En second, ce sont les décorations kitches et ultra colorées qui attirent mon attention. Vous me direz nous sommes en Asie. C’est un peu cliché. Mais il est vrai que depuis que je voyage dans cette partie du monde, j’ai souvent remarqué que plus l’ornement était, selon nos critères, « vieillot » plus il était apprécié. Les parures et illuminations de Noël ne font pas exception. Partout des guirlandes sont accrochées pour attirer le regard. Plus les couleurs sont criardes, plus elles sont « tape-à-l’œil » et plus les Vietnamiens s’arrêtent pour faire des photographies. Aussi, j’observe amusée, enfants et adultes en pleine séance de selfies avec un bonhomme de neige en plastique, un Père Noël, son traîneau et ses rennes ou encore devant un sapin de plusieurs dizaines de mètres de haut installé à l’entrée d’un grand centre-commercial. Parfois, certains magasins ajoutent de la neige synthétique pour donner une impression de froid. Or, même s’il fait froid et humide en ce moment, il fait encore 18 °C. Autant dire que la plupart des Vietnamiens ici présents n’ont jamais fait un bonhomme de neige ni vu la neige de près. Mais cela fait partie du folklore.
Je me rends compte à quel point, leur perception est hollywoodienne. C’est l’une des premières fois que je le perçois aussi clairement surtout chez les jeunes. Coiffés d’un bonnet du père noël, de serre-têtes, de vêtements rouges…, ils chantent à tue-tête : « It’s Beginning To Look A Lot Like Christmas » reprise par Michael Bublé, « It’s the Most Wonderful Time of the Year » de Andy Williams et tant d’autres « standards » de Noël. Cela les met en joie… Leur plaisir rayonne.

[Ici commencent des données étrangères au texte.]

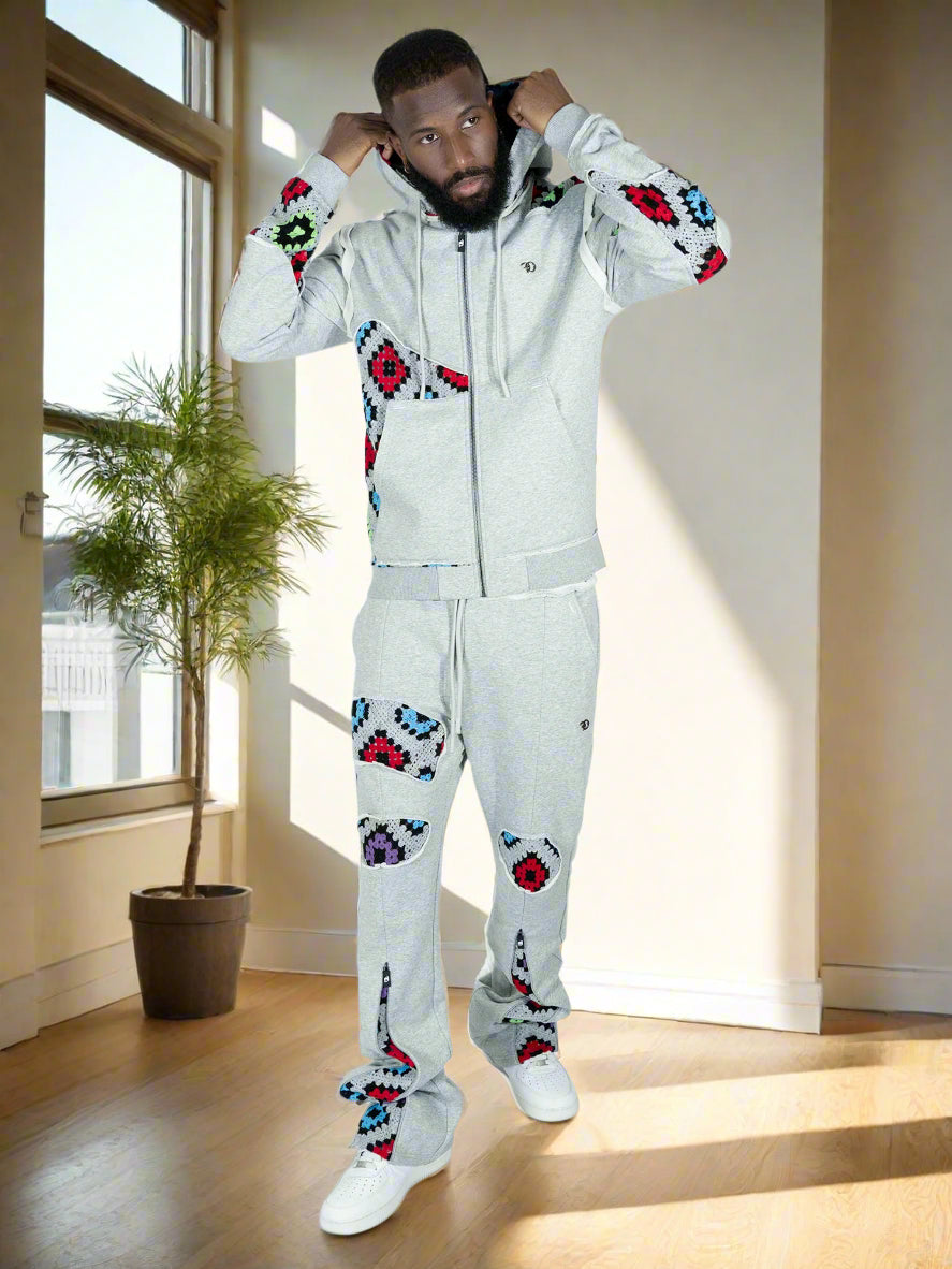 F5709 Castello Crochet Stacked Jogger Set - Gray

Peut-être aurais-je eu une vision plus spirituelle si je m’étais trouvée sur le parvis de la Cathédrale de Saigon ou de Hanoi. Mais j’avoue que le sourire des Vietnamiens dans des décors sortis parfois tout droit de Disney symbolise une forme d’esprit de Noël moins traditionnelle mais vivante et vibrante de joie, de partage…
Enfin, le troisième aspect concerne évidemment le business. Nombre de restaurants ou de bars organisent des soirées pour le réveillon ou des brunchs pour le jour de Noël, même si le 25 décembre est un jour comme un autre. Certains réouvrent juste pour l’occasion. L’année a été difficile économiquement parlant. Bien sûr, le Viêtnam peut se vanter de sa politique de lutte contre le covid lui permettant d’être globalement en croissance. Mais au niveau individuel, nombreux sont ceux qui ont perdu leur travail, ont dû fermer leur commerce, sont retournés dans leur famille pour limiter les dépenses, attendent des jours meilleurs… Alors, même s’ils restreignent leurs dépenses pour célébrer la fête du Têt, ils sortent dans la rue, partagent un café, une bière, un repas au son des karaokés qui battent leur plein. Ici, Noël se fête dans la rue.
De mon côté, ce Noël est celui d’un mélange de traditions : un Noël en me baladant pour m’imprégner des lumières chatoyantes, d’une tout autre ambiance et de la cacophonie des musiques diverses, un Noël 2.0 avec mes proches et un Noël aux saveurs françaises : foie gras, saumon et fromages et vietnamiennes : des feuilles de patates douces et une soupe de nouilles.
Je garde de ce moment l’essentiel :
La richesse de la diversité, le partage et le pouvoir d’un sourire.